Direktör ve oyuncu Kemal Başar: “Geleneğimizden yola çıkmazsak memleketler arası manada büyük işler yapamayız”

Tuncer Cücenoğlu’nun kaleme aldığı, Kemal Başar’ın yönettiği “Helikopter” oyununun provaları başladı.

Eylül ayında izleyiciyle buluşacak oyuna ait AA muhabirine açıklamada bulunan Tiyatro Keyfi Sanat Direktörü Başar, Helikopter’in Tuncer Cücenoğlu’nun dünyanın her tarafında oynanan kendi janrında eşsiz bir yapıtı olduğunu belirterek, “Pek çok ülkeden sonra Türkiye’de Bursa Devlet Tiyatrosu oynamaya çalıştı fakat kısa sürdü. İstanbul’da birinci kere biz oynuyoruz. Şahane bir güldürü. Çok düzgün bir kast yaptık, Tiyatro Keyfi’nin öteki kastları üzere. Murat Taşkent, Ercüment Aydın, Sude Kızık, Mazhar Alican Uğur ve Batuhan Sezer oynuyor. Oyunculuk açısından kıymetli isimler.” dedi.

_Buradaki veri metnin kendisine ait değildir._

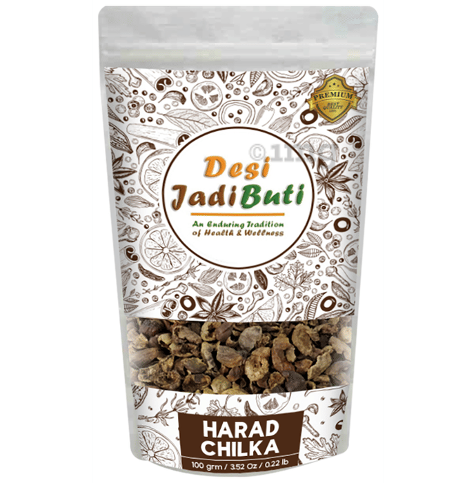 Desi Jadi Buti Harad Chilka is a dietary supplement that helps enhance overall well-being. It assists in assuaging acne and ulcer formation. The powder aids in achieving optimal health. The composition can be beneficial in improving your digestive health.
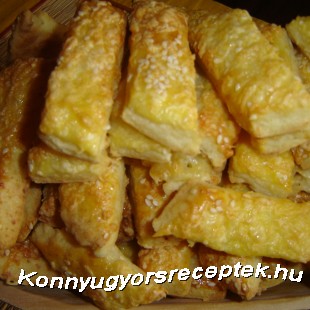 3.Hűtőből kivéve lisztezett deszkán nyújtsuk kb. 0,5 cm vastagra, kenjük meg a tetejét a felvert tojással, szezámmaggal és a reszelt sajttal.
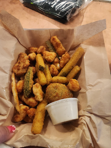 My wife ordered chicken wings with garlic parmesan. The wings were good, but the sauce cam in a pre-packaged cup. She also order a side of fries, and they must have used a huge potato because they were served in a very large basket.
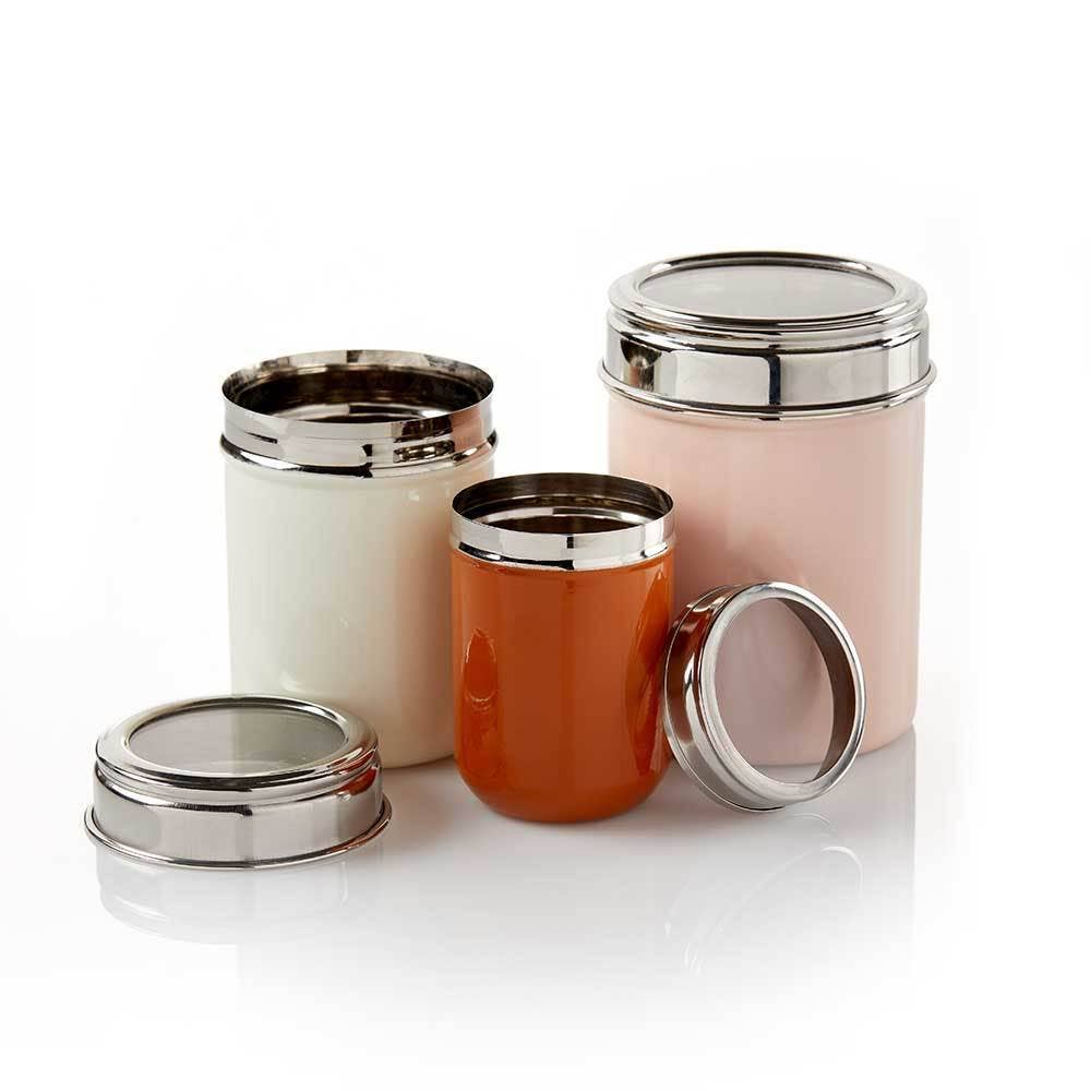 A great addition to a college care package or back-to-school gift, this set of three reusable stainless steel containers in blush, cream, and sienna nests for compact storage and features a clear window in each lid for a quick and easy look at what's inside.
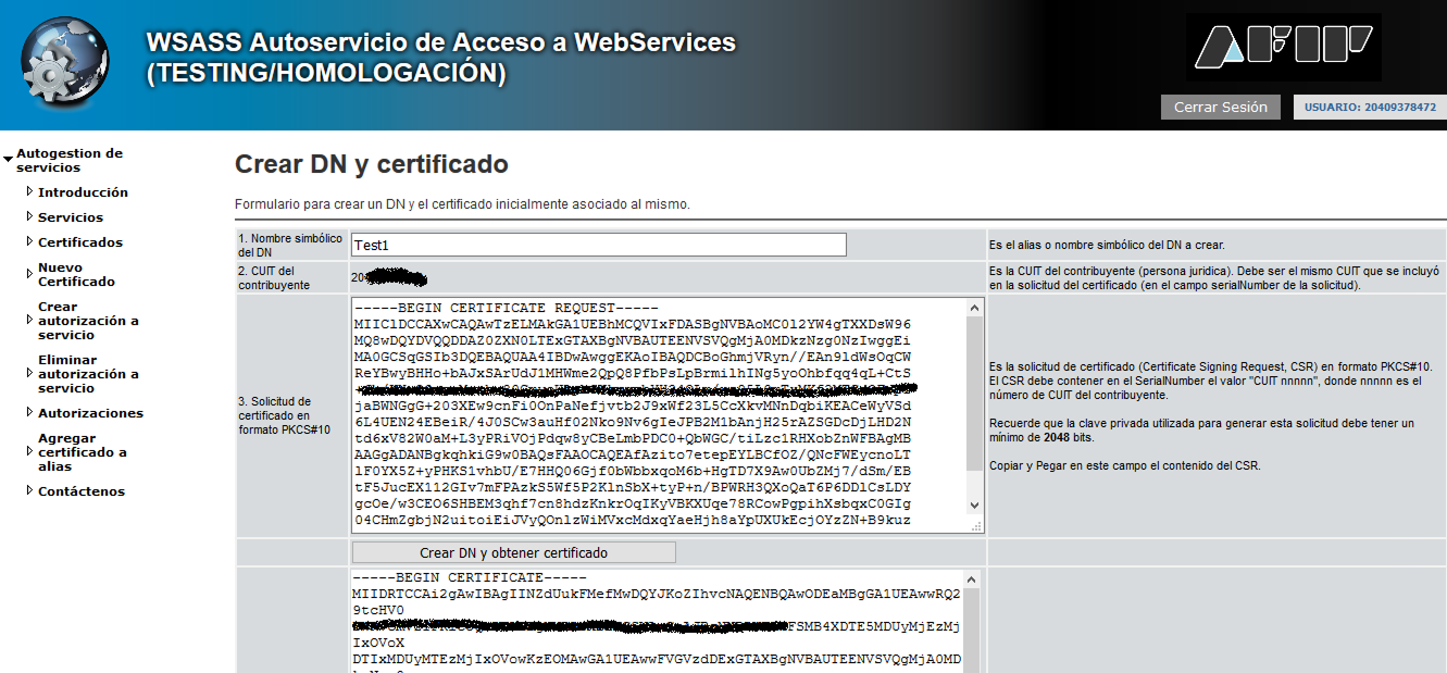 En 1. Nombre simbólico del DN a autorizar debemos seleccionar el certificado que queremos autorizar. En este caso usaremos el alias que hemos creado en el paso anterior.En 3. CUIT representado debemos ingresar el CUIT con el cual queremos utilizar el web service. En modo testing recomendamos usar el CUIT propio para no crear confusión.En 5. Servicio al que desea acceder debemos elegir wsfe (Web Service de Factura Electrónica).
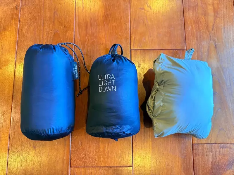 パッカブルは全てのダウンジャケットに備わっている機能です。ユニクロのダウンジャケットはスタッフバッグについたコードロックがポケットと連結することができバックパックをなくしづらい施しです。無印は左右のポケットどちらにもポケッタブルができ、モンベルはスタッフバッグに収納するスタイルです。

Başar, oyunun dünyanın her tarafında sergilenen, çok beğenilen, dünya tiyatrolarınca çok istenen bir eser olduğuna dikkati çekerek, İstanbul’da kendi rejisiyle birinci sefer sahneleneceğini lisana getirdi.

Avrupa kriterlerini taşıyan bir tiyatro olması hedefiyle Almanya’da yaşayan Cüneyt Arkan’la Tiyatro Keyfi’ni kurduklarını kaydeden Başar, şunları aktardı:

“Avrupa’ya kısa vakitte entegre ettik, yaptığımız tiyatroyla. Tiyatro Keyfi’nde minimalist tiyatro yapılıyor. Orta oyunundan yola çıkan sahnelemeler yapılıyor. Zira geleneğimize sahip çıkmazsak, geleneğimizden yola çıkmazsak milletlerarası manada büyük işler yapamayız. Dünyanın bütün büyük sanatkarları bunu yapar. Kendi kültüründen kendi geleneğinden yola çıkar. Ben ödenekli tiyatroları ne yazık ki Batı taklitçisi buluyorum. Halbuki bizim kültürümüz çok engin, çok güçlü. Kendi kültürümüze yaslanarak, kozmik normları bilerek, görgü, bilgiyi artırarak, estetiği sağlayıp çok âlâ sanatkarlarla çalışıp, tiyatronun içindeki işletme bilgisiyle ekonomiyi de rayına sokup Avrupa normlarında bir tiyatro yapılabileceğini göstermek istiyoruz ve gösteriyoruz.”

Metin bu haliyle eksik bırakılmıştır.